De la paysanne à la tsarine

La Russie traditionnelle côté femmes

Le mariage par rapt

Le mariage par rapt : « Cette forme de mariage, déviante par rapport à la coutume dominante, est cependant relativement fréquente. Il est assez mal désigné par ce terme car la jeune fille est toujours au courant du projet quand elle n’en est pas l’initiatrice. Voilà de quoi il s’agit. La liberté prénuptiale des jeunes existant dans bien des endroits, il arrive que deux jeunes se plaisent mutuellement mais que les parents de la jeune fille ne soient pas disposés à voir celle-ci partir. La jeune fille étant économiquement plus indépendante de sa famille que le jeune homme de la sienne, elle peut décider celui-ci à simuler un enlèvement. Le dit rapt a lieu lors d’une sortie, d’une fête, etc., alors que les parents de la jeune fille la croient en train de s’amuser. Une fois mariée religieusement, elle revient avec son mari auprès de ses parents car la bénédiction parentale et surtout maternelle est indispensable (p. 63).

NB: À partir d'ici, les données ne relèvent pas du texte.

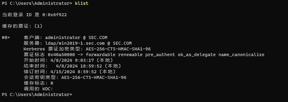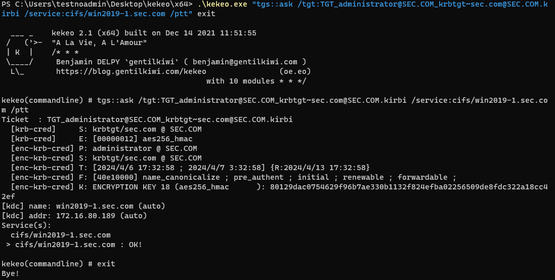 .\kekeo.exe "tgs::ask /tgt:C:\Users\Administrator\Desktop\kekeo\x64\TGT_administrator@SEC.COM_krbtgt~sec.com@SEC.COM.kirbi /service:ldap/win2019-1.sec.com" exit
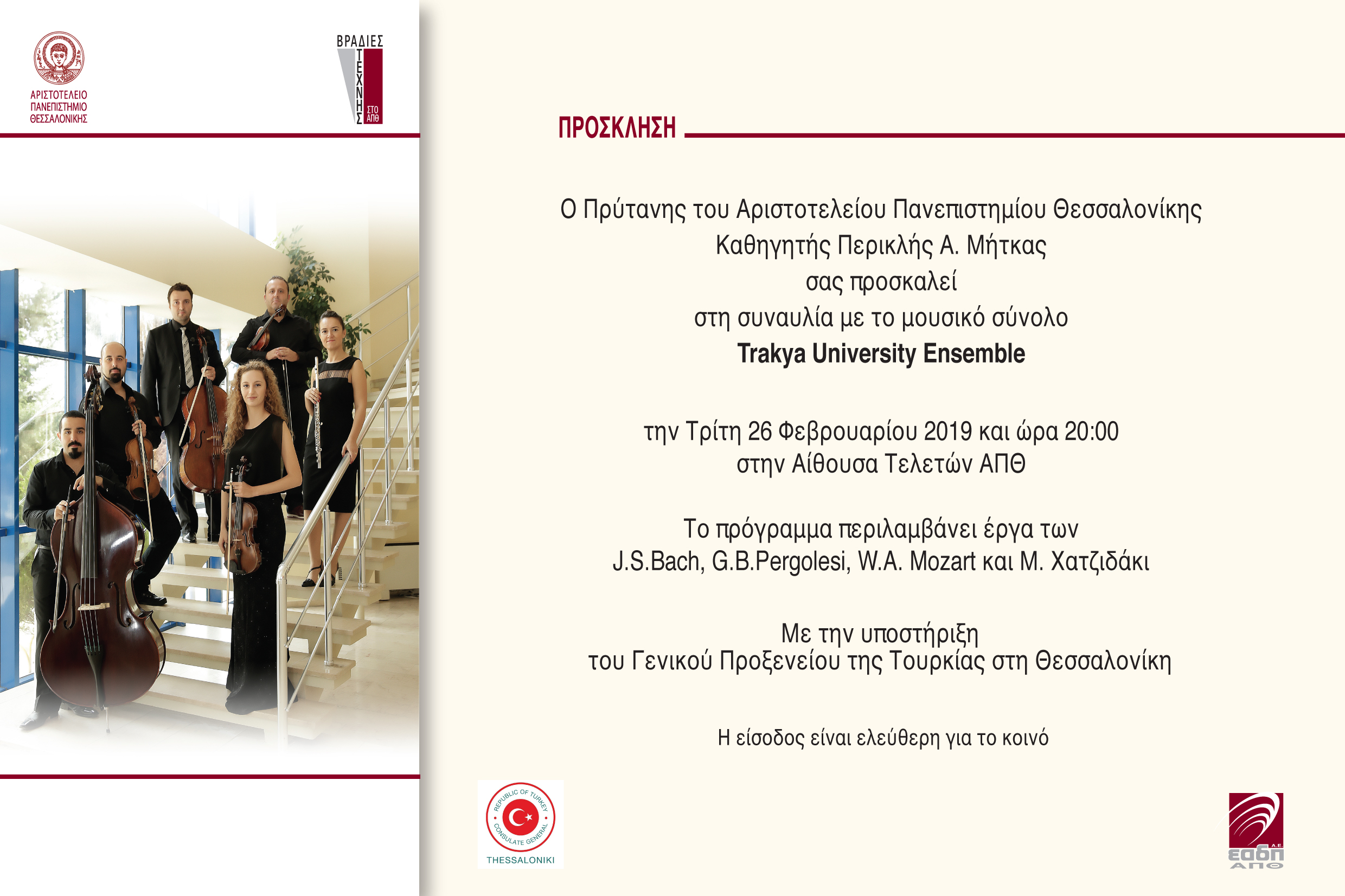 Ο Πρύτανης του Αριστοτελείου Πανεπιστημίου Θεσσαλονίκης Καθηγητής Περικλής Α. Μήτκας σας προσκαλεί στη συναυλία με το μουσικό σύνολο Trakya University Ensemble την Τρίτη 26 Φεβρουαρίου 2019 και ώρα 20:00 στην Αίθουσα Τελετών ΑΠΘ
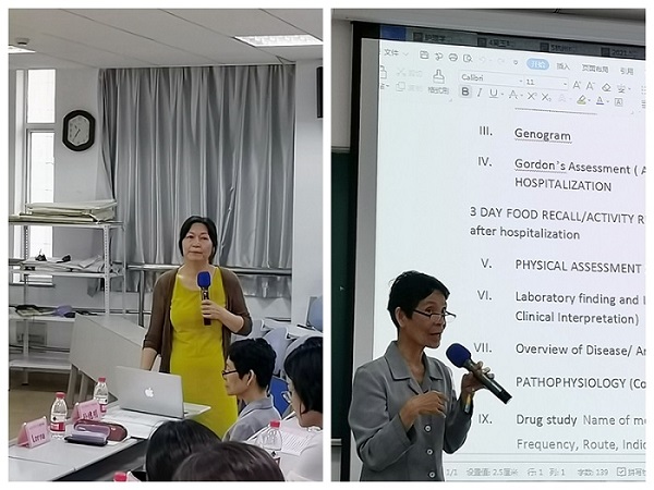 学院两位外籍教师也为参会老师分享了自身的经验。外籍教师孙穗明送出寄语:教师是学生“引路人”,在教学过程中“要真,要实,要亲,要诚”,呵护学生“爱心,负责”良好品质的形成。来自菲律宾的Lorna老师介绍了护理学专业留学生的学习特点,并分享了菲律宾学生的一些护理实习表格和记录单,进一步让与会老师了解了本科国际护生的实习要求与管理制度。

Ce mariage par rapt peut exister aussi avec accord des parents de la fiancée pour éviter les frais du mariage. Il existe même des régions où le mariage par rapt est un rite. Smirnov le décrit pour le district de Chadrinsk (p. 210-211) : Le 18 janvier, jour de foire, les jeunes filles qui ont envie de se faire enlever (sic !) s’habillent de leur mieux, se regroupent près des étalages et attendent leur tour. Surviennent des équipages attelés à une troïka où se tiennent deux, trois ou plusieurs jeunes gens. Chaque équipage approche à toute allure du groupe des jeunes filles, un ou deux garçons sautent à bas de la voiture, s’emparent d’une jeune fille et filent sans prêter attention aux cris. Tout ceci devant un public nombreux. Le rite se répète, y compris les jours suivants, jusqu’à ce que toutes les candidates au rapt aient eu satisfaction. S’ensuivent les mariages. Ainsi, ces mariages ne confirment nullement la thèse de la domination de l’homme sur la femme, ils marquent même une indépendance financière certaine de la jeune fille vis-à-vis de ses parents : dans le pire des cas en effet la jeune fille est simplement privée de dot et de bénédiction.